Print      
Rev. Cornelius Hastie; his was a ‘ministry of empowerment’
Rev. Hastie helped start an early education center as part of his work in Roxbury.
By Bryan Marquard
Globe Staff

The Rev. Cornelius Hastie was a Harvard College undergraduate when he was called upon one day to be a referee of sorts between a visiting group of evangelical Christians from Princeton University and some humanist friends in Cambridge.

Until then, he had planned to attend law school and maybe pursue politics. That conversation, however, turned out to be life-changing.

“I decided to minister to people’s needs, not try to win legal battles regardless of moral right,’’ he wrote in an unpublished memoir about his life as an Episcopal priest, a calling that initially gave him pause.

“My egalitarian moral qualms about being set apart by ordination were eased, paradoxically, by the ordination-lacking Society of Friends, whose Cambridge meeting I attended occasionally,’’ he added. “Quaker doctrine holds to the equality of Christians in the ‘priesthood of all believers.’ I accepted ordination as a confirmation and commission to exercise full time the spiritual gifts Christians hold in common.’’

The Rev. Hastie, whose ministry ranged from being rector of the St. John and St. James Church in Roxbury to helping launch a Head Start program in the neighborhood, working as a jail chaplain, and serving Communion at Sherrill House in Jamaica Plain, died of a heart attack June 15 while playing bridge with friends at Temple Reyim in Newton. He was 85 and lived in Jamaica Plain.

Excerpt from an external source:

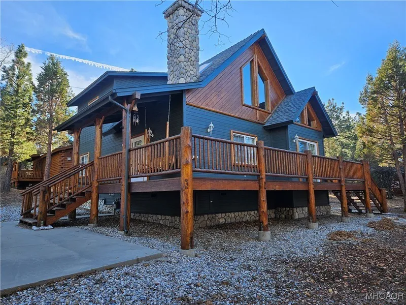 Stunning Craftsman-style home, (Chalet style) beautiful high wooded ceilings, located in the Big Bear Pine subdivision in Sugarloaf, large lot .36 acre parcel, (15662 Sq. Ft. parcel.) with many mature trees, 3 bedrooms plus large loft, 2 bedrooms on main level, laundry room, great river rock fireplace, Kitchen is open to dinning and living room, upstairs you will find a master bedroom with jetted tub and private deck looking out into the beautiful forested back yard, also upstairs a large loft with mountain views, lots of parking for RV, boat storage and plenty room to add an ADU (accessory dwelling unit) comes fully furnished

Although he initially grew up along the New Jersey shore, his family moved often when he was young, so he lived in many places and as a young man hitchhiked to many more. He was well-traveled spiritually, too, and was a welcoming voice of encouragement along the paths others followed.

“Father Hastie really wanted all of us to see and understand that God was calling us and that we were beautiful, and capable and amazing just as we were,’’ said the Rev. Edwin D. Johnson, priest-in-charge at St. Mary’s Episcopal Church in Dorchester, in a eulogy at the Rev. Hastie’s memorial service.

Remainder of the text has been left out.